• GIVEN RECORDS:
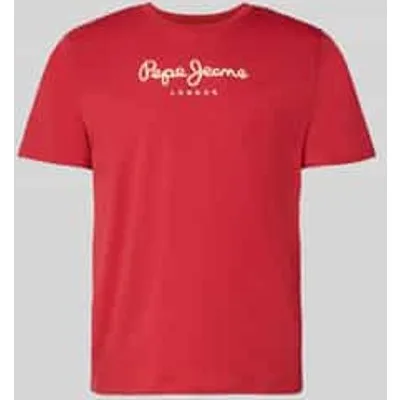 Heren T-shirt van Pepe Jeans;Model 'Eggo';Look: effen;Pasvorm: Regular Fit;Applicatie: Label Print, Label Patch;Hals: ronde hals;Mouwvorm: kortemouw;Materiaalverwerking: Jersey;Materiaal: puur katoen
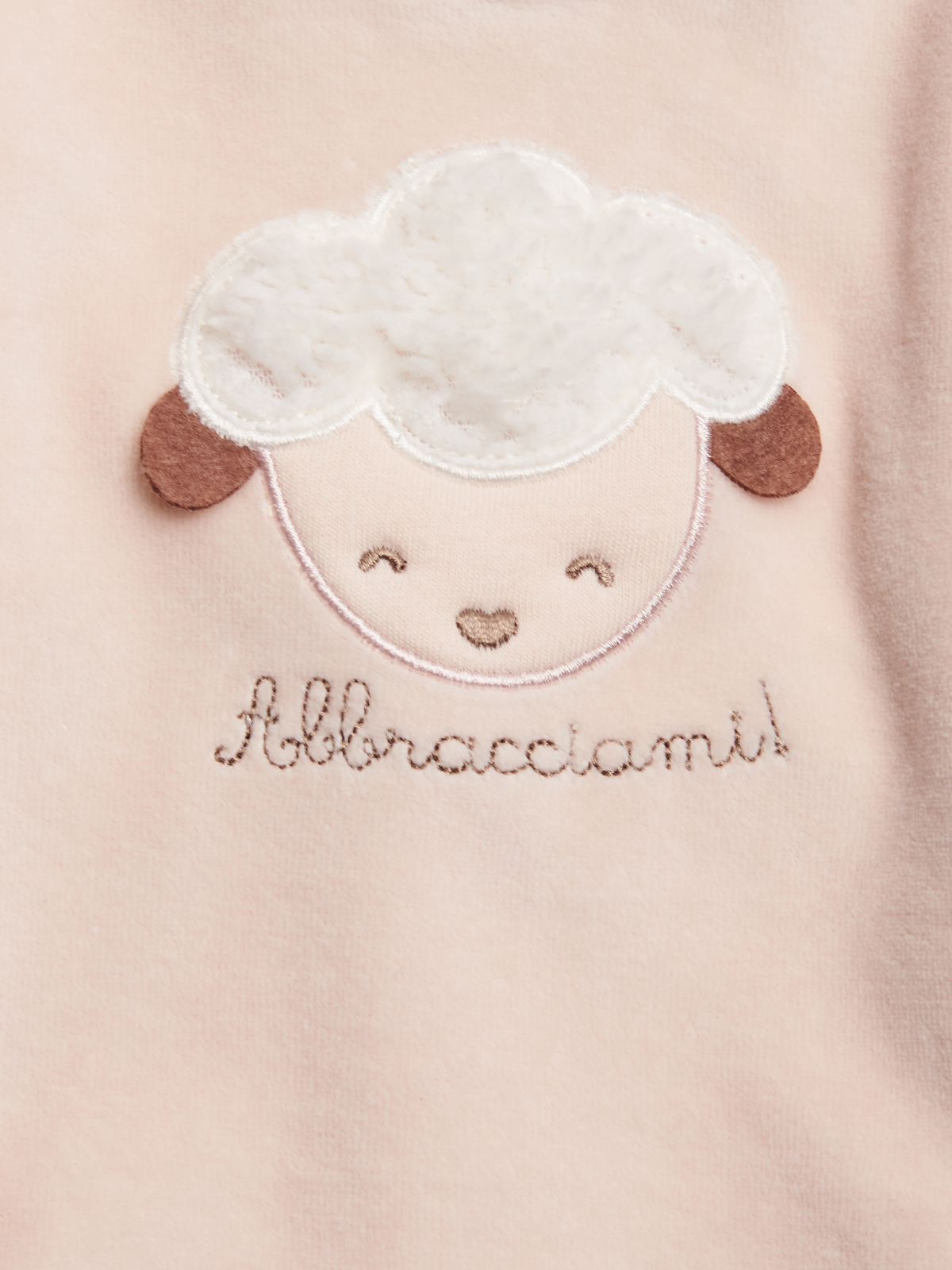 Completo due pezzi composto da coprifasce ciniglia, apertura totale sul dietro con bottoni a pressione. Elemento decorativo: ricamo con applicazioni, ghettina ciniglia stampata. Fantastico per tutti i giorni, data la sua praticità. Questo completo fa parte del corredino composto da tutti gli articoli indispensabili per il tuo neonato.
--
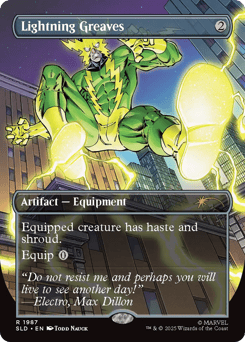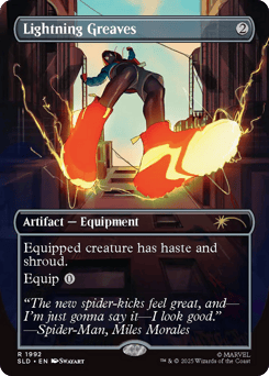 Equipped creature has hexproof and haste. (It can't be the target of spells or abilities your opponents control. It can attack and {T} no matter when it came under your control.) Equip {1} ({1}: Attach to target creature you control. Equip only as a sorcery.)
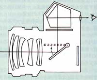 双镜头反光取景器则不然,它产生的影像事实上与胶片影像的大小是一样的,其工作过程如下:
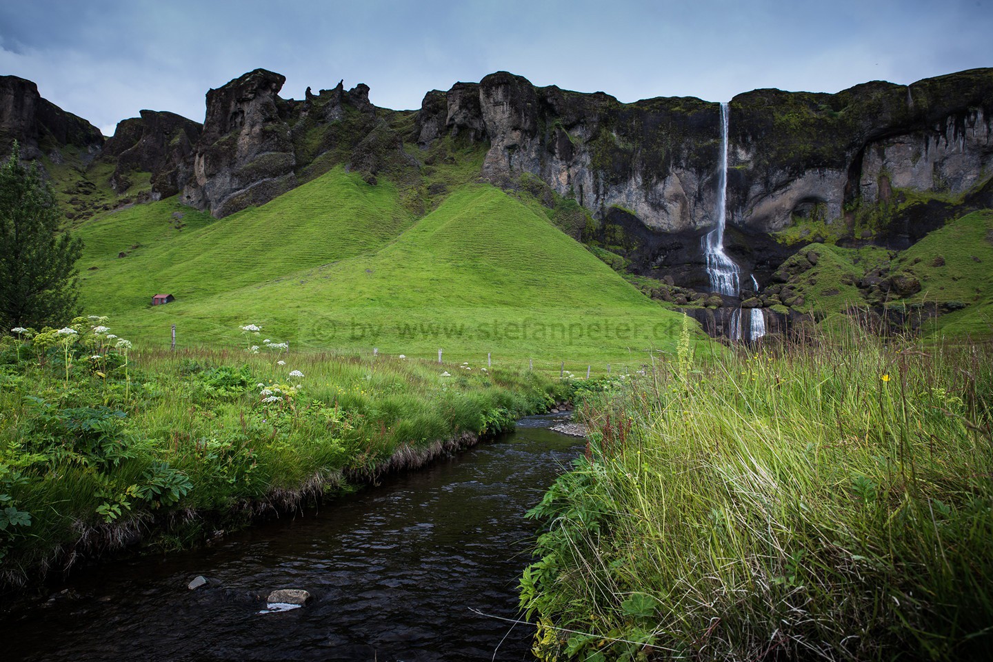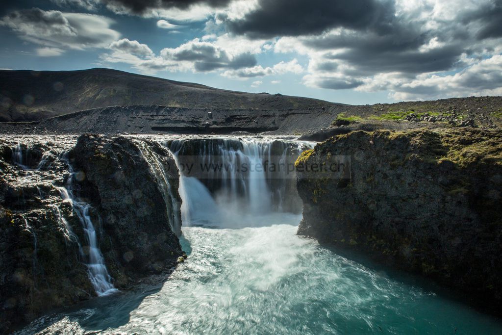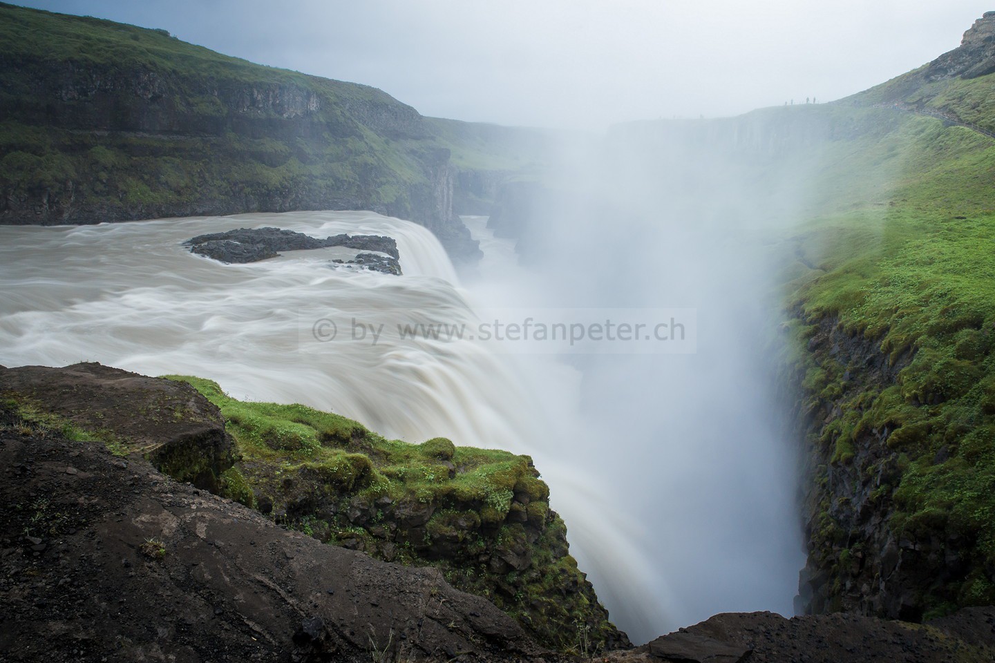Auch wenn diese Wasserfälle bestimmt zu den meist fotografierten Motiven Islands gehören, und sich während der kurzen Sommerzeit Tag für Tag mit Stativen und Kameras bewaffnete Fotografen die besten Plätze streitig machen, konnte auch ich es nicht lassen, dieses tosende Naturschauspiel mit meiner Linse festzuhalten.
==
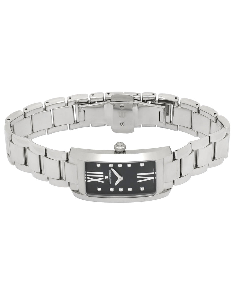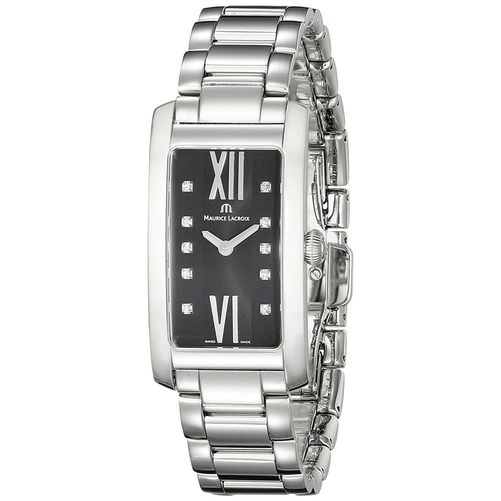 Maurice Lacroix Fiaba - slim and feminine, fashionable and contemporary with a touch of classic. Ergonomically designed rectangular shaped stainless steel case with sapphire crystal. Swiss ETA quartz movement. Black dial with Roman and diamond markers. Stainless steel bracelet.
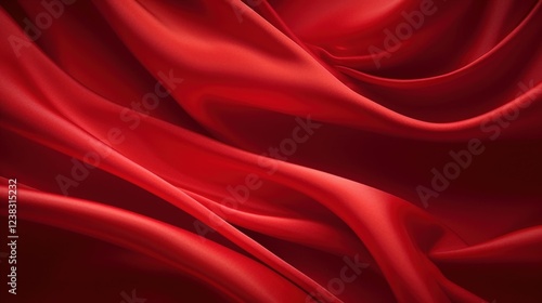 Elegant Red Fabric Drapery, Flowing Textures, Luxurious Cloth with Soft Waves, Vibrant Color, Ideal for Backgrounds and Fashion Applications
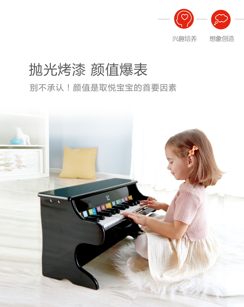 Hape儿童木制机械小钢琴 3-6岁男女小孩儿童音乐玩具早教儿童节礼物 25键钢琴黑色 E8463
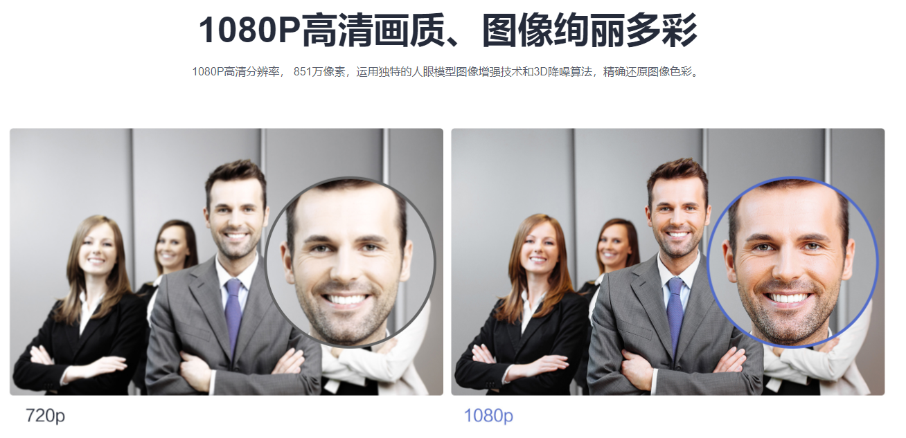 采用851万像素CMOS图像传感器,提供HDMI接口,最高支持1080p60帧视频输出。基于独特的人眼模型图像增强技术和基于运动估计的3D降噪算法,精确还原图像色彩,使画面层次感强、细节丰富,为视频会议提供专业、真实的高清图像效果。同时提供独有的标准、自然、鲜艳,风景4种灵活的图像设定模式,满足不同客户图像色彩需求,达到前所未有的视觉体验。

• PROBLEM REQUIREMENTS:
The reply should hold the entries above from the line with "Maurice Lacroix Fiaba" to the line with "采用851万像素CMOS图像", duplicated exactly, pictures excluded.

• RESPONSE TO THIS TASK:
 Maurice Lacroix Fiaba - slim and feminine, fashionable and contemporary with a touch of classic. Ergonomically designed rectangular shaped stainless steel case with sapphire crystal. Swiss ETA quartz movement. Black dial with Roman and diamond markers. Stainless steel bracelet.
 Elegant Red Fabric Drapery, Flowing Textures, Luxurious Cloth with Soft Waves, Vibrant Color, Ideal for Backgrounds and Fashion Applications
 Hape儿童木制机械小钢琴 3-6岁男女小孩儿童音乐玩具早教儿童节礼物 25键钢琴黑色 E8463
 采用851万像素CMOS图像传感器,提供HDMI接口,最高支持1080p60帧视频输出。基于独特的人眼模型图像增强技术和基于运动估计的3D降噪算法,精确还原图像色彩,使画面层次感强、细节丰富,为视频会议提供专业、真实的高清图像效果。同时提供独有的标准、自然、鲜艳,风景4种灵活的图像设定模式,满足不同客户图像色彩需求,达到前所未有的视觉体验。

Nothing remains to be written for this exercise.